Aryna Sabalenka beats Coco Gauff to regain Madrid Open title


Aryna Sabalenka continued her excellent season with a triumph at the Madrid Open Saturday evening in the Spanish capital.

Sabalenka, the world No. 1, beat Coco Gauff 6-3, 7-6(3) to finish the tournament with the kind of exclamation point that has escaped her on occasion this season.

Sabalenka has been far and away the most consistently excellent player in the sport in 2025. She has made the final of six of the seven tournaments she has entered this year, winning three of them. The Madrid title is her second WTA 1,000 trophy — the level just below a Grand Slam — this year. She won the Miami Open in March, and kicked off the season with a win in Brisbane.
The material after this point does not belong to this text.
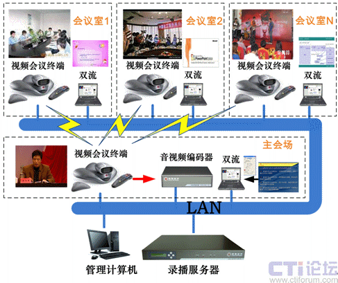 當(dāng)需要錄制沒有錄播的其他會(huì)議室實(shí)況時(shí),通過主會(huì)場(chǎng)視頻會(huì)議終端呼叫任意會(huì)場(chǎng)的終端,即可錄制任意會(huì)場(chǎng)的會(huì)議實(shí)況,如下圖:

Losses in the finals of the Australian Open, Indian Wells and Stuttgart have been sore spots, but the win in Madrid will surely provide a major boost of confidence heading into the two most important clay-court tournaments of the season, the Italian Open in Rome and the French Open in Paris. Last year, Sabalenka relinquished the Madrid Open title to Iga Świątek in the best WTA Tour match of the season. Now she has it back.

For Gauff, the loss was a disappointing end to a run that wasn’t quite out-of-nowhere, since she is the world No. 3 and a threat to win any tournament she enters. But it followed months of inconsistency and struggles with both her serve and her forehand, even early on in Madrid.
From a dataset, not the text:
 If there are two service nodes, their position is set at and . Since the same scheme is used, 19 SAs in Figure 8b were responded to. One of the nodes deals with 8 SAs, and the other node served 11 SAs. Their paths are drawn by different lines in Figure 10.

Following her loss in the quarterfinals of the Australian Open in January, Gauff couldn’t get past the last 16 in a tournament until two weeks ago. She lost consecutive matches at tournaments in Doha, Qatar and Dubai, United Arab Emirates, then lost to Belinda Bencic and Magda Linnette in Indian Wells and Miami. Both were matches against players that Gauff said she should be beating.

She got to the last 16 in Stuttgart, but only had to win one match against the 124th ranked player in the world to do so. Then she fell in straight sets to Jasmine Paolini, who has struggled with her form throughout the year.
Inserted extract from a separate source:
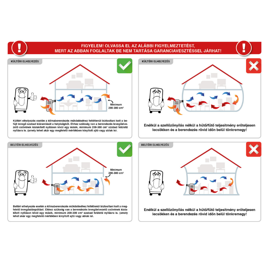 Ha a mobil klímát egycsöves kivitelben -ahogy alapvetően kapható - a hűtendő helyiségben kívánja elhelyezni, a csövön a működés közben termelődő meleg levegőt szükséges kivezetni a szabadba.

It figured to be more of the same at the start of Madrid. Dayana Yastrameska of Ukraine bageled her in the first set of their opening match, 6-0. Gauff managed to steady herself and survive that day, though it was dicey to the end, with Gauff failing to serve out the match on her first attempt.

But after that, she largely went on cruise control. She beat Mirra Andreeva, one of the best players of the year, in the quarters. She pummelled Świątek in the semifinals, handing the four-time French Open champion her worst loss on clay since 2019.

Then she ran into a Sabalenka, a buzzsaw when she is on her game who rarely falls to players who aren’t able to match her power, as Madison Keys did in the Australian Open final and as Jelena Ostapenko did last month in Stuttgart.

She and Gauff had played nine times previously, with Gauff holding a 5-4 edge in a matchup that pits perhaps the biggest hitter on the tour against its top defender. Both players, though, have worked intensively the past two years to become more than those archetypes. Sabalenka has tried to incorporate more variety into her attack, adding dropshots and net play to her firepower. Gauff has tried to become more aggressive, taking the initiative on the forehand rather than hitting it so often off her back foot and living to fight for another shot. Finding a groove on her first serve and limiting her double faults also helps plenty.

After conceding the first set meekly, Gauff looked to have made the match a contest when she broke Sabalenka in the fourth game of the second set, holding firm until 5-4 and serving to take the match into a decider. At that point, Sabalenka surged to 0-40; Gauff reeled her back in. The Belarusian would not be denied, breaking for 5-5 and forcing a tiebreak. Sabalenka led 3-0; Gauff reeled her back in. But the Belarusian would not be denied, winning four straight points from 3-3 in the tiebreak to take the title.

Unlike many Americans, especially the men, Gauff is extremely comfortable on clay, having spent significant time at Patrick Mouratoglou’s academy in the south of France during her childhood. She made the final of the French Open in 2022 and the semifinal last year. If Świątek isn’t on form — but considering that she reached the semifinals in Madrid playing well below her peak, that could be a tall ask — Gauff could find an opening to go all the way, depending on which version of her shows up. Often, not even she knows until she takes the court.

In Madrid, it was mostly a very good version, but Sabalenka proved too tall an order.

For the Belarusian, the season has reached the point when anything less than a title in any tournament, on any surface, is a disappointment. Two years ago she came within a point of the French Open final. A three-time Grand Slam winner, she will be looking to get two steps further there this year, and now has every reason to believe she can.